Marissa Arreola

School: Loyola University Chicago

Majors: Cognitive & Behavioral Neuroscience and Psychology

DOI: https://doi.org/10.21985/n2-t8z3-tx73

Biography:

Marissa is a third year at Loyola University Chicago double majoring in Cognitive Behavioral Neuroscience and Psychology. Under the guidance of her mentor, Dr. Raymond Jr. Dye, Marissa has previous research experience in studying the precedence effect and how it differs between interaural level differences and interaural time differences (binaural cues). Currently, she co-leads a study on musical engagement and its immediate performance effects on spatial and memory tasks, varying in delays. She was awarded the Mulcahy Fellowship last fall to further fund this project. Looking ahead, she plans to pursue post-baccalaureate research in clinical psychology and/or affective neuroscience labs, eventually applying to doctoral programs for clinical psychology. Her research interests lie in the neuroscience of psychopathologies, specifically regarding trauma in refugee and immigrant communities. Minoring in sociology of health and its disparities, Marissa aims to bring a more holistic perspective to her work. And on a more personal level, she aspires to give back to her Latinx community by furthering accessibility and treatment of mental and behavioral health.

 

The Immediate Effects of Musical Engagement on Spatial-Reasoning Skills

The “Mozart Effect” was first reported in 1993 when Rauscher et al. demonstrated that 10 minutes of exposure to a Mozart piano sonata temporarily enhanced performance on a spatial-reasoning task. Schellenberg et al. suggested that the Mozart Effect may be attributed to heightened states of arousal and mood which could explain the enhanced task performance. The present study investigates the relationship between arousal, mood, and spatial reasoning as measured by the Profile of Mood States 2nd Edition (POMS 2) and a Paper Folding and Cutting Test (PF&C). Seventy-five musicians were randomly assigned to one of four activity conditions varying across two dimensions: activity type (music vs non-music), engagement level (active or passive), and a control. The five conditions include sitting in silence (control), listening to a narrated story (passive, non-music), listening to music (passive, music), reading a story aloud (active, non-music), and sight-reading music (active, music).
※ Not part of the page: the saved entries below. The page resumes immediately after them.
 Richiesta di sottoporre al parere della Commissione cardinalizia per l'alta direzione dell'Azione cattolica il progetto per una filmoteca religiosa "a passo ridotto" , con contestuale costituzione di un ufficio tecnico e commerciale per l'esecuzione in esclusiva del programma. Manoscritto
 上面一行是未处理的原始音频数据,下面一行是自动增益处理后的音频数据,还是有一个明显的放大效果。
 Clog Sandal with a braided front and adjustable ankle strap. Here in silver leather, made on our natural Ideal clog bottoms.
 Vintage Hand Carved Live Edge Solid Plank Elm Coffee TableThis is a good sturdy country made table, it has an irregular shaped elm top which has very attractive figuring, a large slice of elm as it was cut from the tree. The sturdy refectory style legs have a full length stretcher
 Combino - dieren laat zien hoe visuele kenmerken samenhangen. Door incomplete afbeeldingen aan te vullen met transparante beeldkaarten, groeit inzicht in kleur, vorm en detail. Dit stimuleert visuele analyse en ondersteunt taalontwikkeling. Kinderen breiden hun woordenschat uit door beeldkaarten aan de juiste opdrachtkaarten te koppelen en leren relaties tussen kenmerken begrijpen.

Participants attend two 50-minute Zoom sessions. In the first session, participants’ arousal and mood are assessed before and after completing their activity. In the second session, participants’ spatial-reasoning skills are assessed before and after their activity. Currently, 66% of the data has been collected, and we anticipate that data collection will be completed by January 2021. A mixed-design analysis of variance (ANOVA) will be used to compare participants’ pretest to post-test PF&C scores between the five experimental conditions. A second mixed-design ANOVA will be used to evaluate within-subject changes in POMS 2 scores alongside changes between-groups. We hypothesize that changes in PF&C scores will be correlated with changes in arousal and mood. Specifically, the active and musical conditions should show relatively larger improvements in arousal and mood coinciding with increased PF&C scores. Our results may provide further evidence that the Mozart effect is a product of heightened arousal and mood.

Author Q&A

What is your research topic, in a nutshell?
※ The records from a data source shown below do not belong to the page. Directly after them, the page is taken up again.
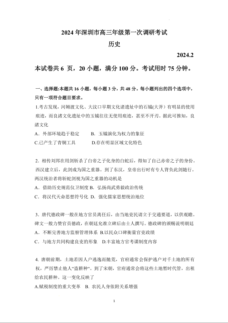 广东省深圳市2024届高三一模考试历史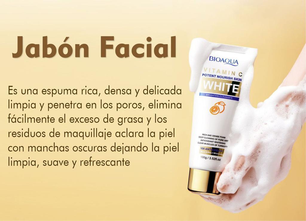 Con Vitamina C y Colágeno para blanquear e iluminar.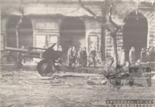 122 mm-es tarackágyú vontató roncs szovjet katona holttest utcakép Ferenc körút Budapest Balassa ImreFotó részletei

Our research topic encompasses the cognitive effects of music listening and musical engagement, specifically pertaining to verbal memory. 
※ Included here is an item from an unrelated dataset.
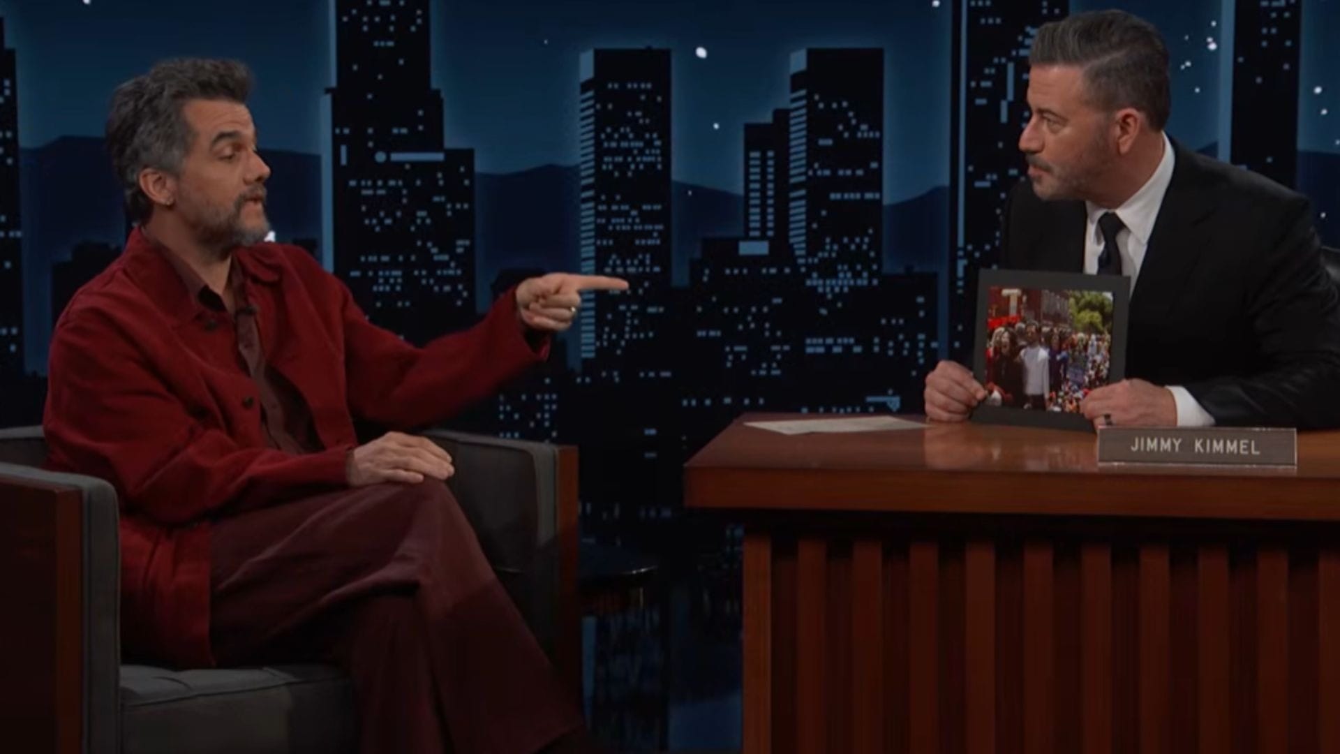 Durante a entrevista, Kimmel perguntou se o ator brasileiro já havia preparado um discurso de agradecimento para a premiação. Em tom de humor, Wagner respondeu que se inspirou em uma fala recente do próprio apresentador.

How did you come to your research topic? 

Several of our team members are musicians and have heard of the Mozart Effect through previous neuroscience courses. We wanted to explore that further, pertaining specifically to memory. We also had direct connections with Loyola Orchestra members and other music majors at our university. Our mentor also inspired our work with his extensive knowledge on auditory and acoustic function within the realm of psychology and neuroscience.

Where do you see the future direction of this work leading (how might future researchers build on your work or what is left to discover in this field)?

We believe further research in neuroscience and music could eventually illuminate specialized neural regions for music perception, encoding, and learning development. This research could support arguments for early exposure to the arts and music in academia. 

Where are you heading to after graduation?  

I am looking forward to post-baccalaureate research opportunities in clinical psychology or affective neuroscience labs. Subsequentially, I intend to pursue a PhD in Clinical Psychology with a neuroscience emphasis.